Large Movie Review Dataset v1.0

Overview

This dataset contains movie reviews along with their associated binary sentiment polarity labels. It is intended to serve as a benchmark for sentiment classification. This document outlines how the dataset was gathered, and how to use the files provided.

Dataset

The core dataset contains 25,000 reviews split into train, development and test sets. The overall distribution of labels is roughly balanced.

Files

Each folder contains files with negative (neg) and positive (reviews). One review per line.

Reference paper

@InProceedings{maas-EtAl:2011:ACL-HLT2011, author = {Maas, Andrew L. and Daly, Raymond E. and Pham, Peter T. and Huang, Dan and Ng, Andrew Y. and Potts, Christopher}, title = {Learning Word Vectors for Sentiment Analysis}, booktitle = {Proceedings of the 49th Annual Meeting of the Association for Computational Linguistics: Human Language Technologies}, month = {June}, year = {2011}, address = {Portland, Oregon, USA}, publisher = {Association for Computational Linguistics}, pages = {142--150}, url = { http://www.aclweb.org/anthology/P11-1015 }

Linux Terminal Instructions

IMDb.py script requires python 2.7+. After printing the results of its performance on the test set, the model will ask the user to provide a new movie review.
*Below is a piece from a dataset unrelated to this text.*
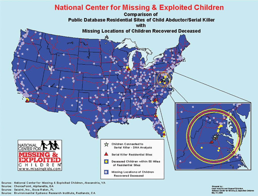 A 2002 national study released by the U.S. Department of Justice's Office of Juvenile Justice and Delinquency Prevention (OJJDP) estimated approximately 204,000 family abductions took place in 1999. Forty-four percent of these involved the concealment of the child. In 76 percent, it was the intent of the abductor to prevent contact with the other parent; in 82 percent, the abductor intended to permanently alter custody. The study also estimated 1,682,900 episodes of runaway/thrownaway children took place that year. Fewer cases, but more ruthless and violent, involve those children taken by strangers who are sexually molested and killed and those children who go missing without a trace. With the enactment of the Missing Children's Assistance Act (MCAA) in 1984, Congress directed the U.S. Department of Justice's OJJDP to establish a private organization to act as a national clearinghouse of information on missing and exploited children. The National Center for Missing & Exploited Children (NCMEC) (www.missingkids.com), a nonprofit organization, was established in April 1984. Impressive Recovery RateEvery day, 24 hours a day, NCMEC receives calls for assistance in searching for missing or abducted children from law enforcement and searching parents through its national, toll-free hot line (1-800-THE-LOST) in the United States, Canada, and Mexico. Since NCMEC was established, it has had an impressive recovery record. Through December 31, 2002, NCMEC has assisted with recoveries of more than 94 percent of the cases involving missing and exploited children and handled nearly 1.7 million telephone calls through the hot line. NCMEC now receives an average of 700 calls per day, of which more than one-third require the MCAA-mandated services. When a child is reported missing to NCMEC, the child is assigned to one of four main missing case typesendangered runaway (ERU); family abduction (FA); lost, injured, or otherwise missing (LIM); and nonfamily abduction (NFA). Currently, ERUs represent approximately 72 percent of the children reported missing to NCMEC; FAs, 22 percent; LIMs, 4 percent; and NFAs, the remaining 3 percent. To draw attention to the plight of missing children, a variety of tools disseminate the information about the child and/or abductor. After reports concerning missing children are "intaked" by the NCMEC hot line and its protocol requirements are met, a case manager in the Missing Children's Division (MCD) is assigned and provides technical assistance to the searching parent(s) and to the law enforcement agency investigating the case. Local law enforcement agencies, the Federal Bureau of Investigation, other nonprofit organizations, and parents might also receive leads. Staff analysts in the NCMEC Case Analysis and Support Division (CASD) work with the case managers to rank these leads for their investigative value. All leads received are disseminated to law enforcement. Geography and Missing KidsIn 2000, hoping for support for the program, NCMEC contacted Esri, which provided software to help find missing children. When a child is reported missing as either ERU or a victim of FA, the custodial parent(s) provides NCMEC with information about possible locations where the child might be. For ERUs this might be the location where friends reside or an area that the child discussed wanting to go. For FAs this might include the abducting parent's present address, former address, or addresses of the abducting parent's relatives and friends.

It will detect if this new review is positive or negative by returning 1 or 0 respectively.

1. The following libraries must be installed locally:

  • pandas
  • TfidfVectorizer from sklearn.feature_extraction.text
  • LogisticRegression from sklearn.linear_model
  • classification_report from sklearn.metrics

2. Use cd command to move to the directory where the script is located.

3. Before running the script from terminal, make sure that all the data frames (train, development and test) are saved in the same directory as the file.

4. Type the python version installed in your system followed by the name of the script, including the extension .py (i.e. python3 IMDb.py).

5. Wait until the performance results are printed.

6. Write a new movie review and hit Enter.

7. The model will ouput 1 for a positive review or 0 for a negative one.